Top of Records provided

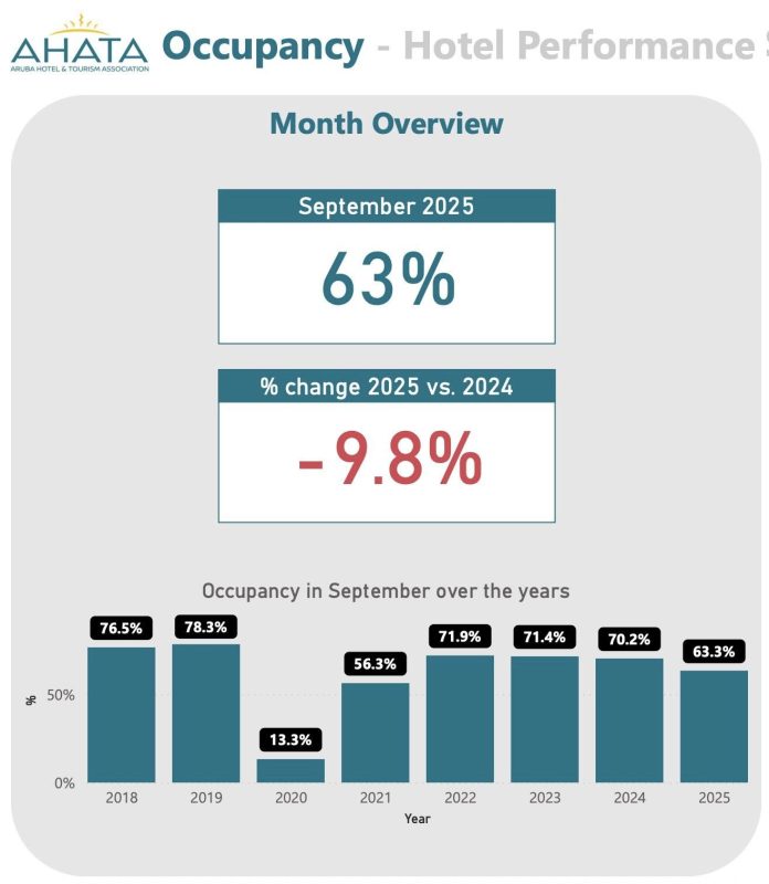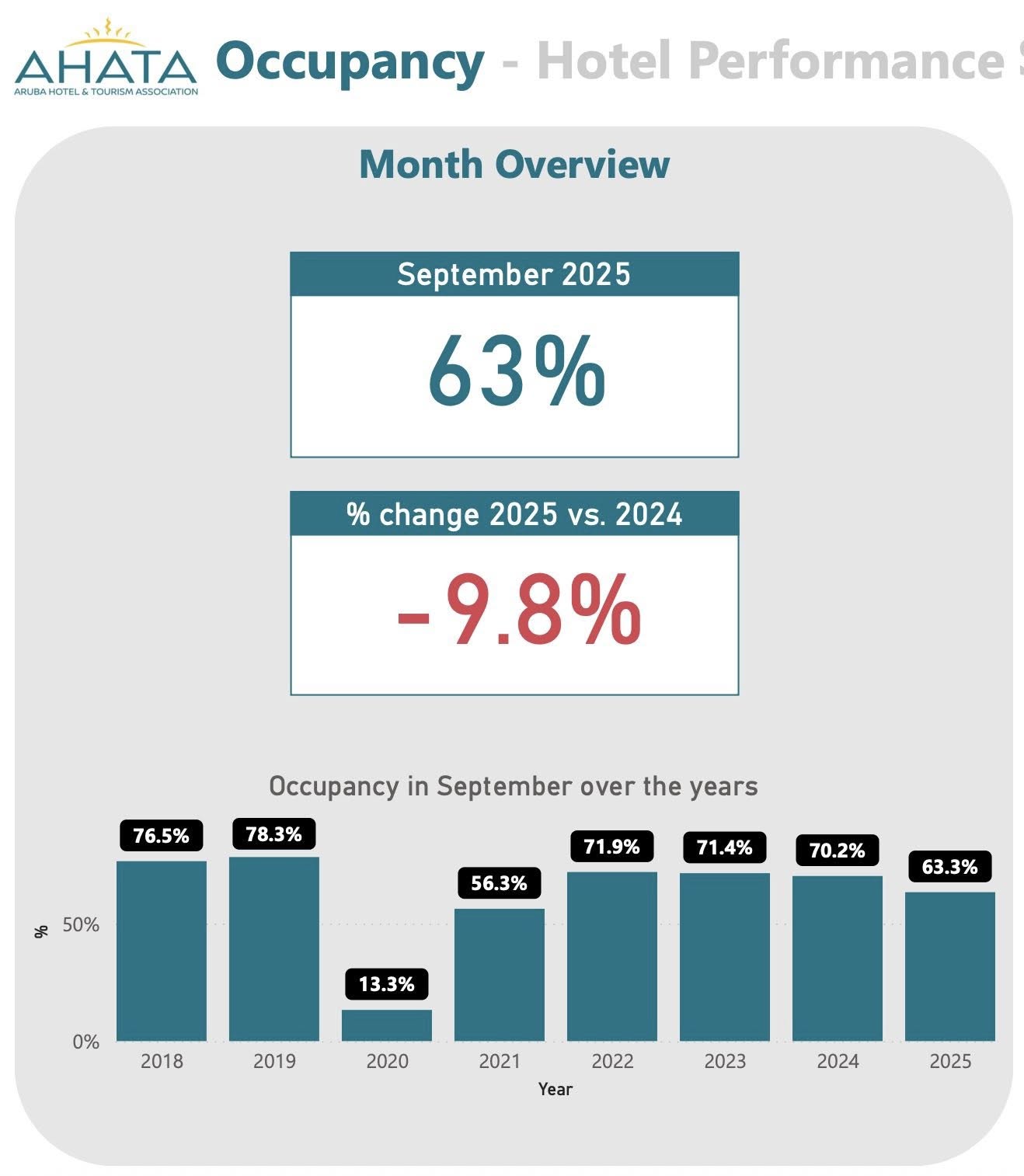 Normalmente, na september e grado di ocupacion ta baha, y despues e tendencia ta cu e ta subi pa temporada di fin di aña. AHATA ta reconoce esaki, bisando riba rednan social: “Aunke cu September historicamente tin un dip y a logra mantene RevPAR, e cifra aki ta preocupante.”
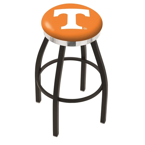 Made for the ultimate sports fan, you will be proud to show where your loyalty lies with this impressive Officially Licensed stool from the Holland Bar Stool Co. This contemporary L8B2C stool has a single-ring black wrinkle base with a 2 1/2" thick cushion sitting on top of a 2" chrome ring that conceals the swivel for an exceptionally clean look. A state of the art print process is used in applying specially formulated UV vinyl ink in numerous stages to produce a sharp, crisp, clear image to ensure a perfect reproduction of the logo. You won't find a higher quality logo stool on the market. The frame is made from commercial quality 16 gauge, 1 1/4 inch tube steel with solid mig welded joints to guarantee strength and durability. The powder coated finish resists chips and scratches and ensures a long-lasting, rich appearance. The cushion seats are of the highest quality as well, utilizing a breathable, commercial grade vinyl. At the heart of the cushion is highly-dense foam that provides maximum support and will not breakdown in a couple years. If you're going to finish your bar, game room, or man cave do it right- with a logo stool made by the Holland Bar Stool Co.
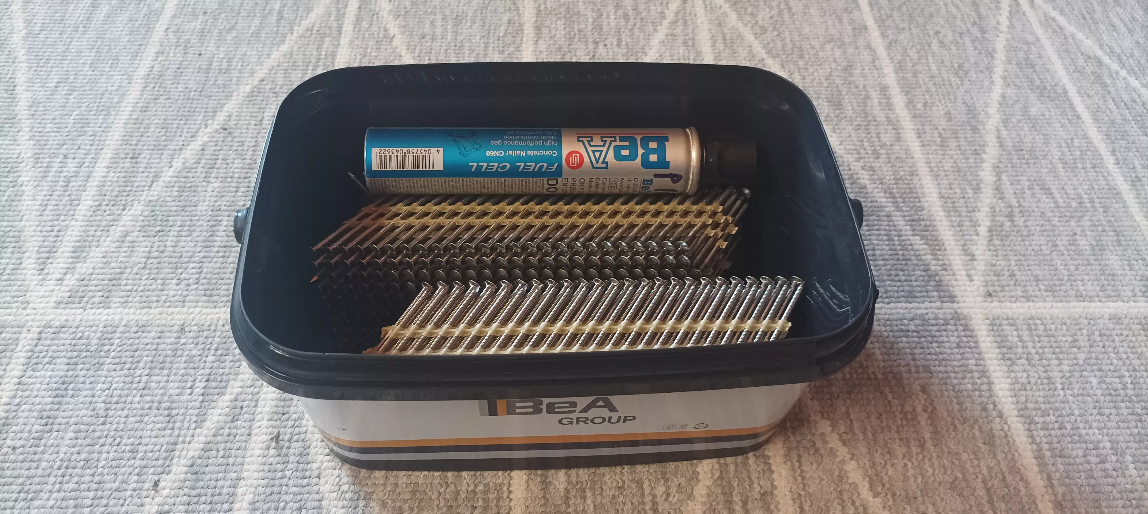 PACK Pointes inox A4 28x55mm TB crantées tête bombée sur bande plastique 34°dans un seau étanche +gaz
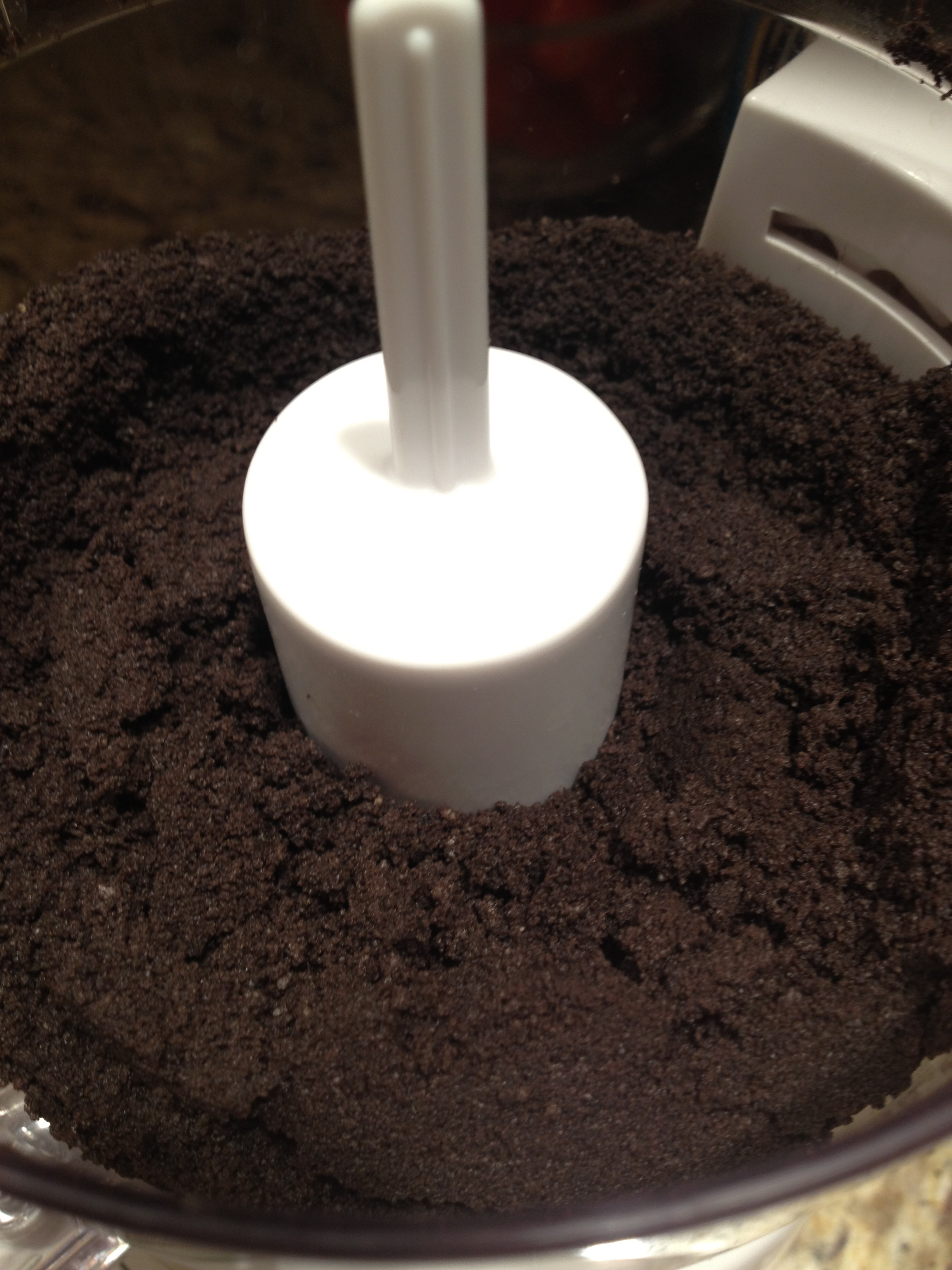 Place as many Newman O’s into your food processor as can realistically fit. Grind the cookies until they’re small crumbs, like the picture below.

Bottom of Records provided
Top of Records provided

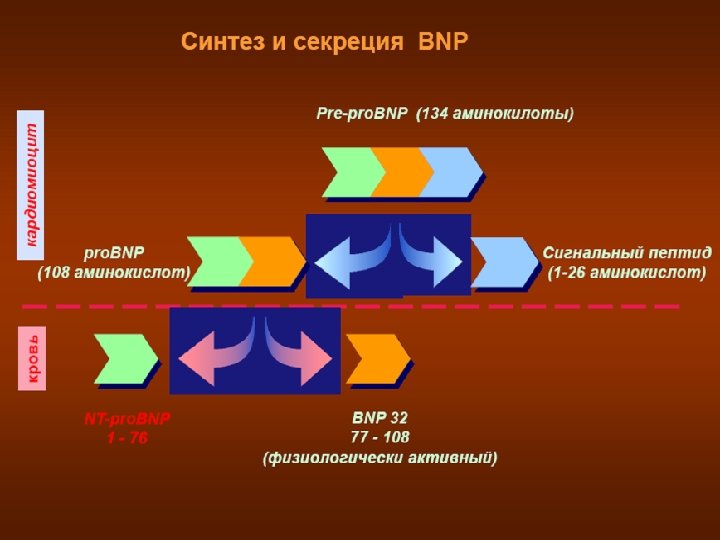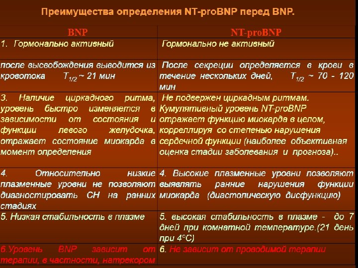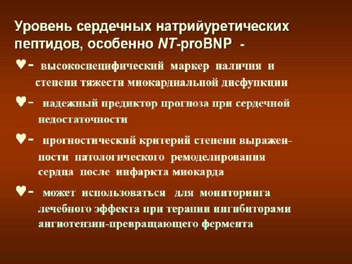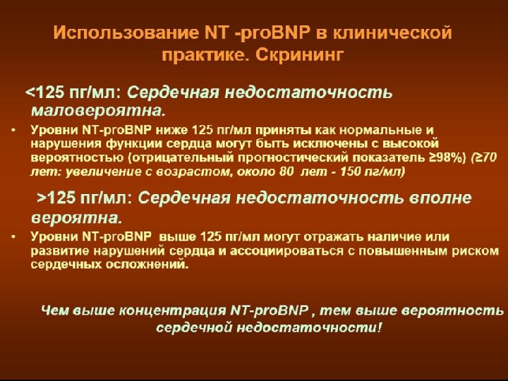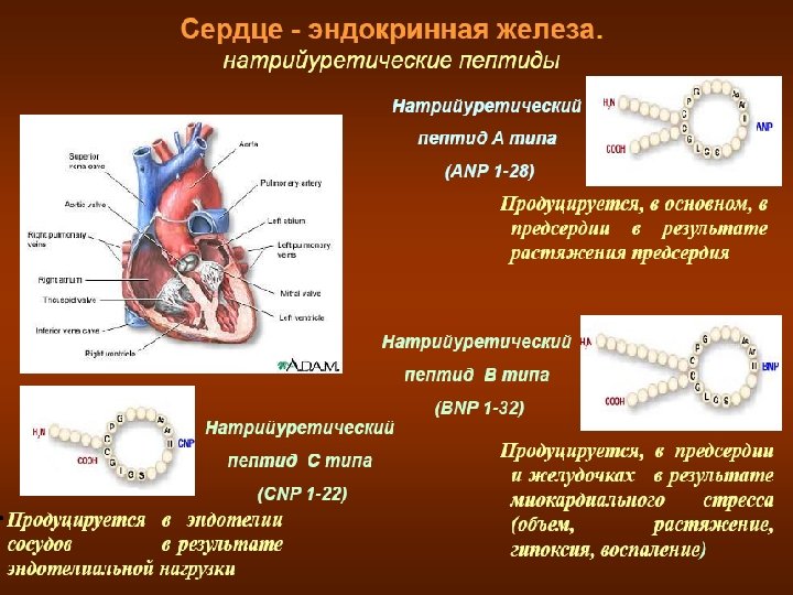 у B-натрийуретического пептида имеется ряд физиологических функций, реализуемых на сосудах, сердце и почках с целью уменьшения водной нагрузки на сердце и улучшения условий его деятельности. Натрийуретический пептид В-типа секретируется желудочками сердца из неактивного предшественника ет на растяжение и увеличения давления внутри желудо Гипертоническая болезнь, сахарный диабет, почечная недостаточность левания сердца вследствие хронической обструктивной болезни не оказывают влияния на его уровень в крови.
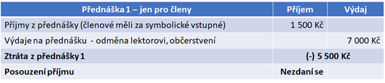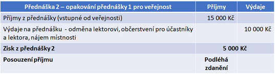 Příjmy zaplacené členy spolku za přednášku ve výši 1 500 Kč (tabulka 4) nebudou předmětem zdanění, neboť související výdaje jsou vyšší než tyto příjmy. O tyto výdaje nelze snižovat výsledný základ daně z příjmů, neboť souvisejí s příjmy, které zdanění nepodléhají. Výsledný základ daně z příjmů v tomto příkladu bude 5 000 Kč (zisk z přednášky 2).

Bottom of Records provided
Top of Records provided

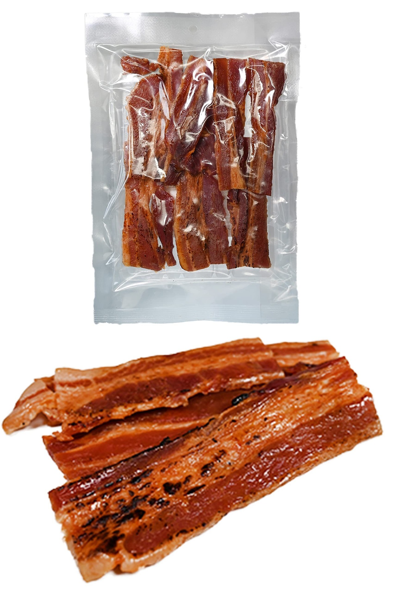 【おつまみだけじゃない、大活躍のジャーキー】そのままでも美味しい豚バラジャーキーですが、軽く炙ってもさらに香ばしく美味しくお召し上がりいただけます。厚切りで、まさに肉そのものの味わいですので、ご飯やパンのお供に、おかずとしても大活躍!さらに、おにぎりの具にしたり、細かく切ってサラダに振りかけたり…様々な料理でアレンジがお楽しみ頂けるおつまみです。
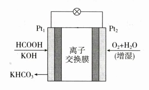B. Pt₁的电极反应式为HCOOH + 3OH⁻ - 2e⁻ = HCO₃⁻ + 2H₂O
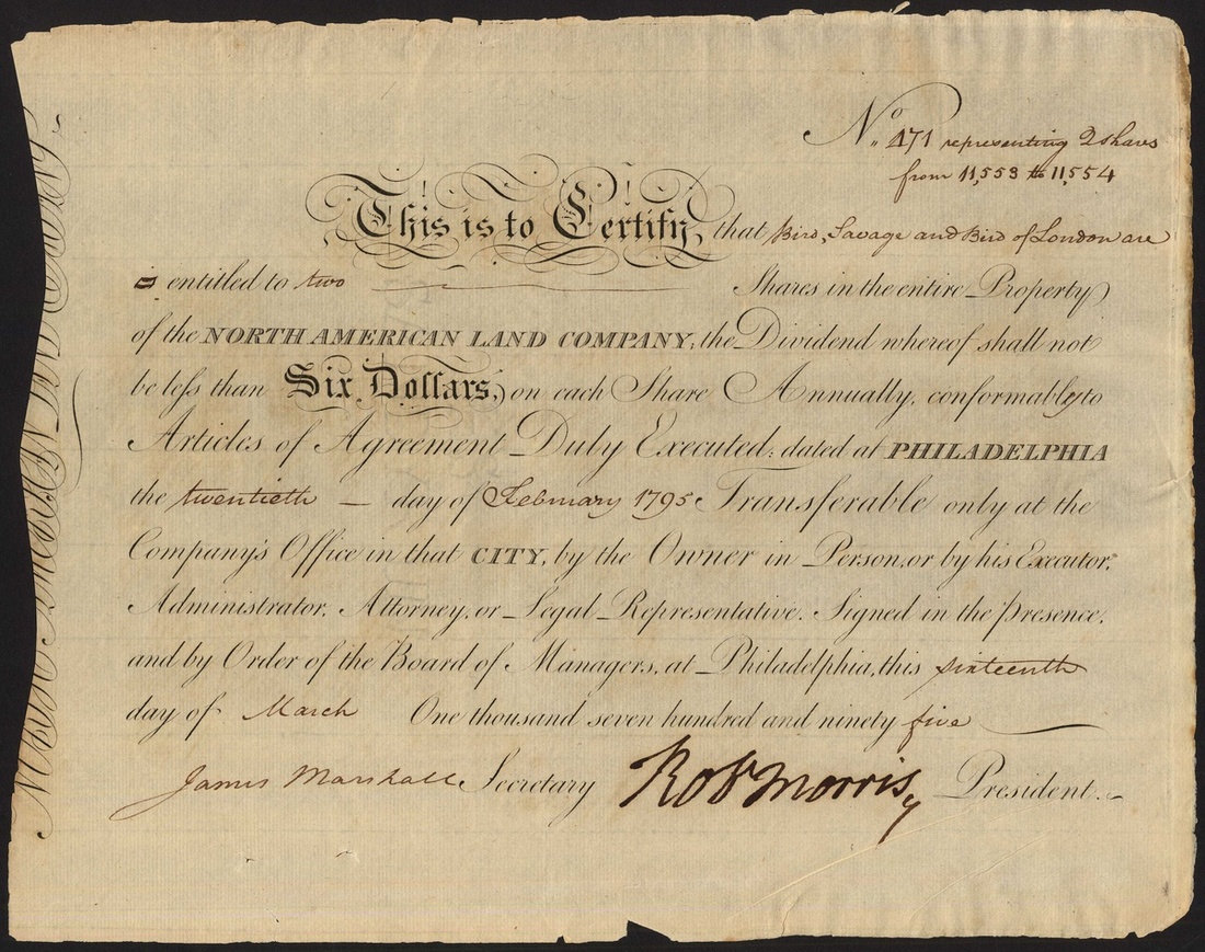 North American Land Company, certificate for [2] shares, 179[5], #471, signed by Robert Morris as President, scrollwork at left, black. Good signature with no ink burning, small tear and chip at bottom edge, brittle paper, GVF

Bottom of Records provided

• [The problem] Above are the records; please give again, exactly and in full, only the lines that run from the line with "B. Pt₁的电极反应式为HCOOH +" through the line with "North American Land", with no pictures.

• [Result for this exercise]
B. Pt₁的电极反应式为HCOOH + 3OH⁻ - 2e⁻ = HCO₃⁻ + 2H₂O
 North American Land Company, certificate for [2] shares, 179[5], #471, signed by Robert Morris as President, scrollwork at left, black. Good signature with no ink burning, small tear and chip at bottom edge, brittle paper, GVF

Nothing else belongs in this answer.